Fiction and Britain's Middle East Mandate
Britain’s involvement in the Middle East between the wars proved a rich seam for authors of adventure stories. Michael Paris shows how these, in turn, helped to reinforce the imperial mission.
Between 1914 and 1918 adventure fiction for boys and young men was dominated by heroic tales of the Western Front, the war in the air or at sea. After 1918, however, and while many stories of the Great War continued to be published, authors began to seek new sites of adventure in which to locate their stories. Many were attracted by the new imperial territories of the Middle East. Here were unlimited opportunities for thrilling tales of young Britons bringing peace and order to a region made unstable by conflict, contrasting honest and upright Britons with cruel Turks, untrustworthy Arabs and rascally Egyptians. Such stories not only offered opportunities for manly heroics in an exotic location but served a patriotic purpose, for they justified the British presence in the Middle East, demonstrated the great advantages of British imperialism for indigenous peoples and allowed those of a more squeamish disposition to resolve through literature some of the tensions created by the occupation of the Middle East.
In 1919, as part of the territorial settlement of the region, Britain was given a League of Nations’ mandate for the old Ottoman provinces of Mosul, Baghdad, Basrah (now in Iraq) and for Palestine. The region had a long history of lawlessness and violence and the inhabitants owed loyalty only to their tribal and religious leaders. Under the control of a high commissioner appointed by London, Britain’s declared mission was to prevent inter-state rivalry and tribal feuding after the upheaval of the war. The real purpose of the new administration, of course, was to safeguard British investment and maintain order in a useful staging post for the overland route to India and the Far East. However, in Iraq, a number of local secret societies opposed the occupation and in the summer of 1920 resistance to British control was encountered in one province after another. In July Iraq erupted into full-scale rebellion, especially around Baghdad and in the Kurdish north. Although there was little agreement between the dissident groups, the country was enveloped in turmoil and the army and Royal Air Force were in almost constant action. By autumn punitive raids by the RAF, constant military patrols and the building of fortified blockhouses had curbed the worst of the violence. In 1921, in an attempt to settle the insurrection, the Cairo Conference decided to create an Iraqi kingdom under the Hashemite prince Faisal ibn Hussein, son of Hussein ibn Ali, former Sharif of Mecca. But while Iraq now had a king, the British continued to run the country – backed by a strong military presence. Although Faisal was not popular with all Iraqis, the new government settled the worst of the troubles, yet discontent continued to simmer below the surface. Many Iraqis disliked the British occupation, which suggested that little had really changed since their Turkish masters had been ousted.
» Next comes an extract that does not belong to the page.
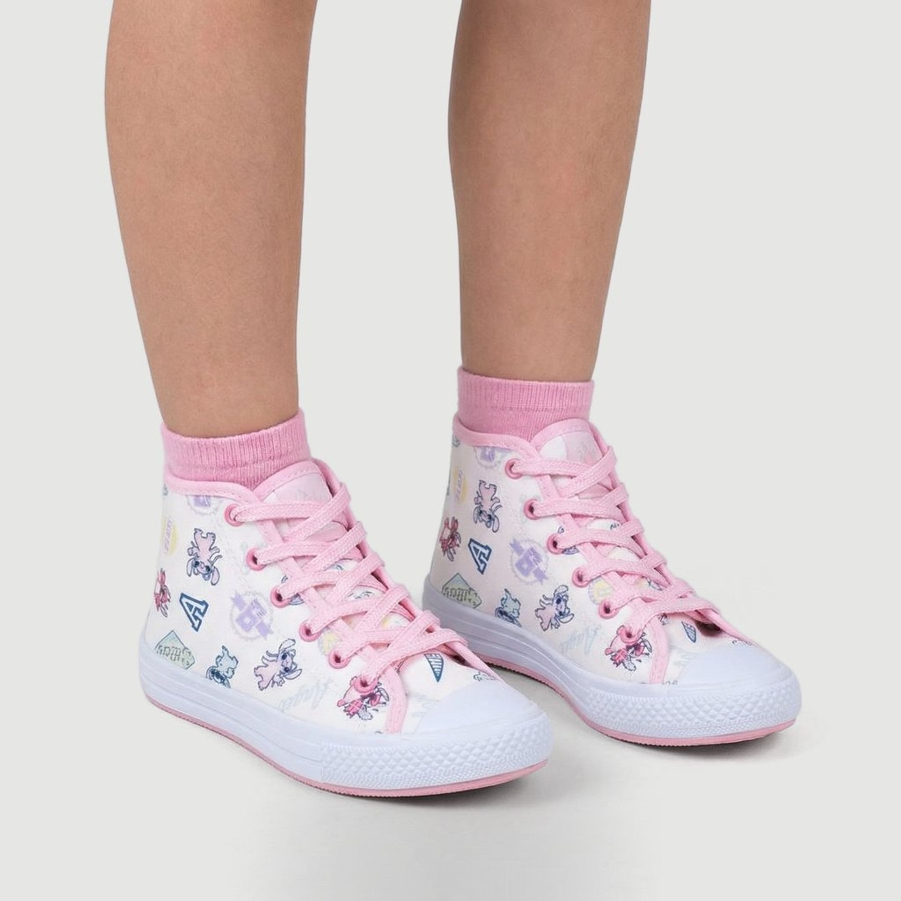 Economia de R$ 9,00Tênis feminino cano alto Disney Lilo & Stitch com estampa do Stitch em ilustrações pequenas estilo doodle. O cabedal em tom rosa traz cadarço e ilhoses na mesma cor, biqueira emborrachada branca e solado branco com detalhe rosa, ideal para compor looks casuais. Produzido em material sintético (100% PVC), é uma opção prática para passeios e momentos de lazer, com tema licenciado para fãs do personagem.

The burden of barbarous countries
In fiction no realistic comparison between the ‘Terrible Turk’ and the new British administration was ever made. British control was always welcomed. In the 1919 edition of Harry Golding’s popular Wonder Book of Empire, for example, Britain’s whole Middle Eastern policy was justified because:
Our Empire has been welded by blood and tears, by the courage and hopes of many generations, toiling and sacrificing for England’s glory. And although we have made serious mistakes, we have no cause on the whole to be ashamed of the way in which we have administered our heritage ...We may all be sure that better times are in store for the peoples who have passed under the sway of the British Empire, which, whatever its faults, is founded upon the bed-rock principles of justice, humanity and freedom.
In the same year, Herbert Strang, a well-known and popular author of adventure stories, who had written for the government’s propaganda department at Wellington House during the war, echoed the sentiment in his novel, Tom Willoughby’s Scouts. Here, one of the imperialist administrators of the story, Major Burnaby, claims ‘Greed offers no real basis for an empire’ and compares this ‘grab-all’ approach of some nations with the enlightened British model of empire:
Britain has never sought to dominate other countries and people. Our Empire is a gradual, almost an accidental growth: much of it has been thrust upon us ... We have taken up the burden of rule in barbarous countries ... or countries like India and Egypt where civilisation has decayed, and which but for us would either be bear’s gardens or hotbeds of slavery and oppression. I don’t say that our motives have always been of the purest or our ways the best; but I do say that we have never, as a state, set before us the deliberate aim of grabbing what doesn’t belong to us, forcing all civilizations into our particular mould, and subjugating all other nations by sheer brutal terrorism.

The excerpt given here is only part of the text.